# [REQUIRED ACTION]
Look at the data below and print exactly the lines from its first line through the line with "Het perceel waarop"; the pictures stay out of the copy.

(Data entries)

----

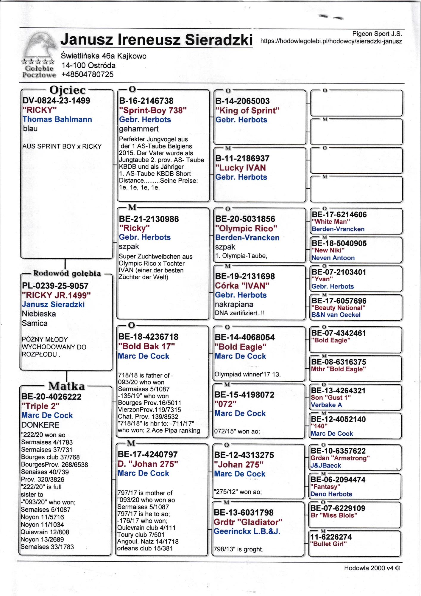 Szczegóły pochodzenia w rodowodzie lub pod nr. tel, 502 177 762
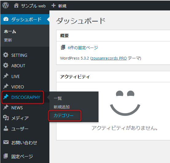 バージョン2.0.0より、管理画面からカテゴリーの追加、変更ができるようになりました。管理画面メニュー
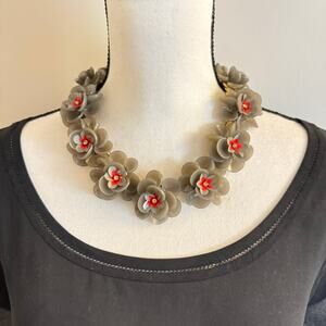 Vintage J. Crew Gray Lucite Flower Necklace Red Accents Dimensional 3D Statement
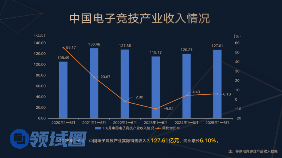 2025年1-6月,中国电子竞技产业收入127.61亿元,同比增长6.10%。
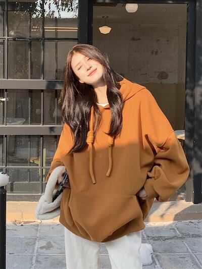 急速出荷韓国 パーカー 百掛け コントラストカラー スウェット ゆったり大人 パーカー 中わた入り 厚手 フード付きトレーナー レディース 秋 ゆったり ミディアム丈 トップスメガ割
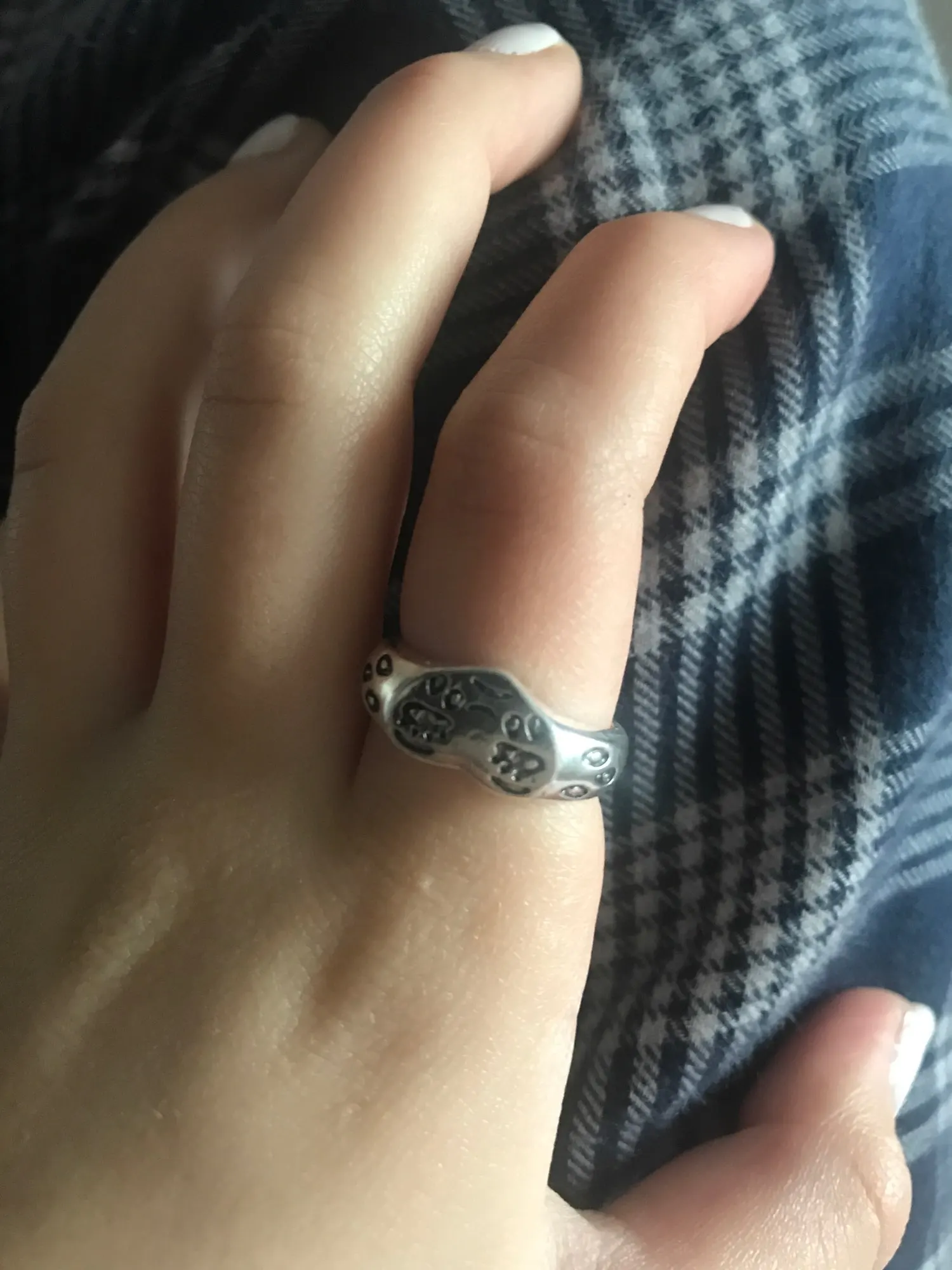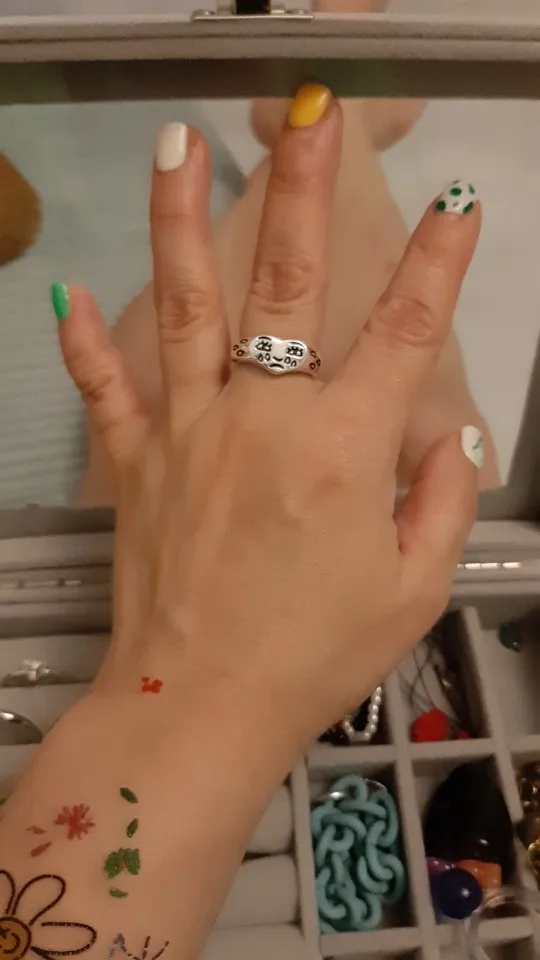 Кольцо было таким красивым и выглядит точно так же, как на картинке. Очень дешево, хотя и оставляет отметки на пальцах.
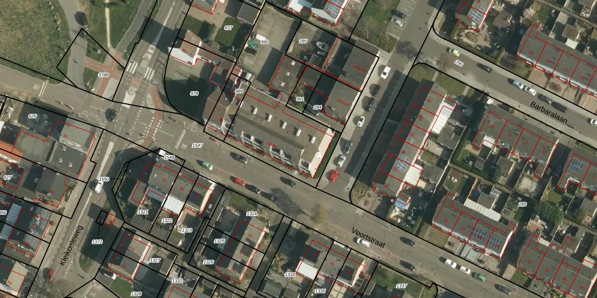 Het perceel waarop Voortstraat 62 staat heeft een oppervlakte van 1201 m². Dit is een zeer groot perceel. De perceeloppervlakte wordt geregistreerd door het Kadaster. Gedetailleerde informatie over de maten van dit perceel kunt u vinden in het rapport Kadastrale kaart met maatvoering van Voortstraat 62.
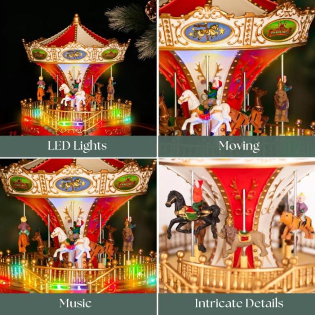 Trẻ nhỏ luôn yêu thích những vật trang trí có màu sắc rực rỡ và chuyển động thú vị. Với chiếc đèn Noel vòng xoay ngựa, bé sẽ cảm thấy như mình đang bước vào thế giới cổ tích – nơi những chú ngựa xoay tròn bên tiếng nhạc dịu dàng. Đây cũng là phụ kiện lý tưởng để tạo background chụp ảnh Noel lung linh cho cả gia đình.
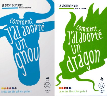 Les jeux d'improvisation mettent facilement de coté certains joueurs qui ont du mal à s'exprimer en public. Pour pallier ce défaut, il faut imaginer un dispositif qui facilite le récit. C'était par exemple l'excellente idée du téléphone factice dans Délirophone. Dans Comment j’ai adopté un gnou, l'objet qui facilite le récit est en même temps le nerf du jeu : une série de dés comportant des éléments de phrase. Le but est de raconter une histoire en intégrant ces morceaux de phrase dans le récit. On part d'un thème tiré au sort (ou choisi) et le récit s'enchaîne comme par miracle. Simple et amusant. 2016 : Comment j’ai adopté un dragon
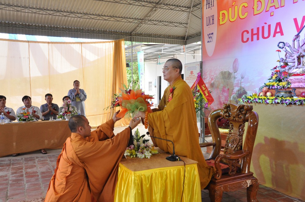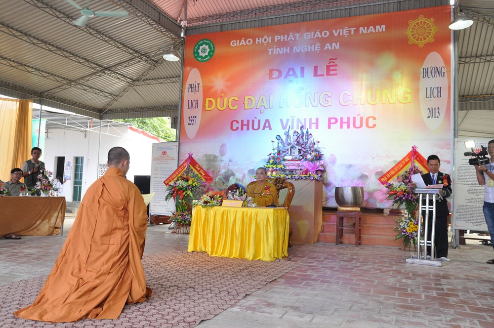 Tại buổi lễ, HT.Thích Thanh Nhiễu-Phó chủ tịch TT HĐTS GHPG Việt Nam đã phát biểu: “Phát huy truyền thống vẻ vang của quê hương cách mạng, quê hương của Chủ tịch Hồ Chí Minh, mỗi ngôi chùa, mỗi thầy trụ trì phải làm tốt công tác Phật sự, nguyện suốt đời cống hiến cho Phật pháp, làm ngọn đèn sáng để chúng sinh và các phật tử làm nhiều điều thiện nguyện và tốt đẹp, góp phần làm cho phong trào Phật giáo ở Nam Đàn nói riêng và Nghệ An nói chung ngày một tiến triển và vững chắc hơn”
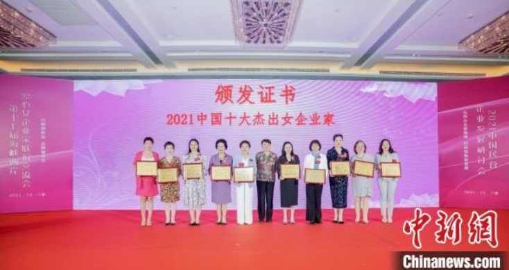 全國(guó)政協(xié)原副主席張梅穎18日為2021中國(guó)十大杰出女企業(yè)家頒發(fā)獎(jiǎng)牌!£惒āz
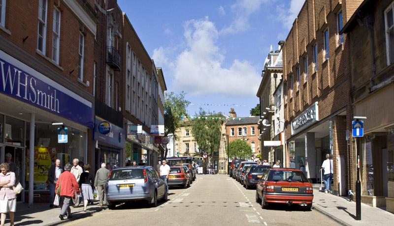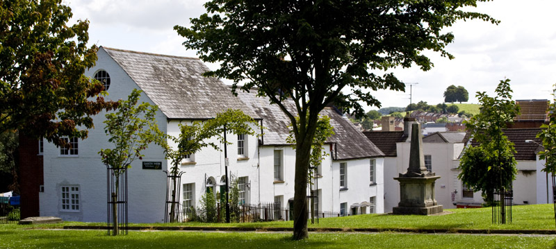 The old St Johns Baptist School. Now shops. Click on the old double doors to the right to see the name engraving.
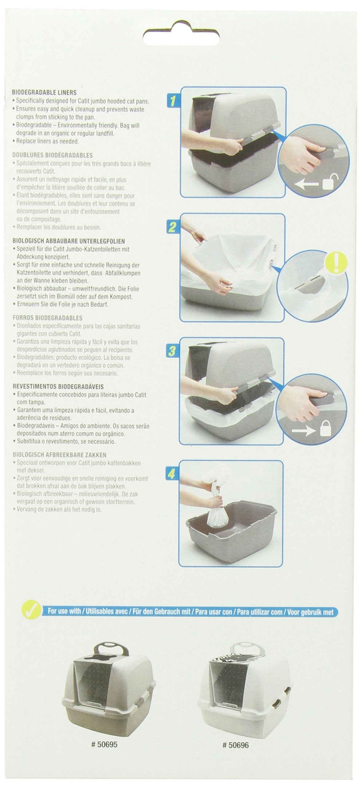 Q: Are the Catit Replacement Liners compatible with other litter boxes?A: The Catit Replacement Liners are specifically designed for Catit Jumbo Hooded Cat Litter Pans, ensuring a perfect fit. For other litter boxes, it is recommended to check the dimensions and compatibility before use.

----

# [ANSWER SECTION]
 Szczegóły pochodzenia w rodowodzie lub pod nr. tel, 502 177 762
 バージョン2.0.0より、管理画面からカテゴリーの追加、変更ができるようになりました。管理画面メニュー
 Vintage J. Crew Gray Lucite Flower Necklace Red Accents Dimensional 3D Statement
 2025年1-6月,中国电子竞技产业收入127.61亿元,同比增长6.10%。
 急速出荷韓国 パーカー 百掛け コントラストカラー スウェット ゆったり大人 パーカー 中わた入り 厚手 フード付きトレーナー レディース 秋 ゆったり ミディアム丈 トップスメガ割
 Кольцо было таким красивым и выглядит точно так же, как на картинке. Очень дешево, хотя и оставляет отметки на пальцах.
 Het perceel waarop Voortstraat 62 staat heeft een oppervlakte van 1201 m². Dit is een zeer groot perceel. De perceeloppervlakte wordt geregistreerd door het Kadaster. Gedetailleerde informatie over de maten van dit perceel kunt u vinden in het rapport Kadastrale kaart met maatvoering van Voortstraat 62.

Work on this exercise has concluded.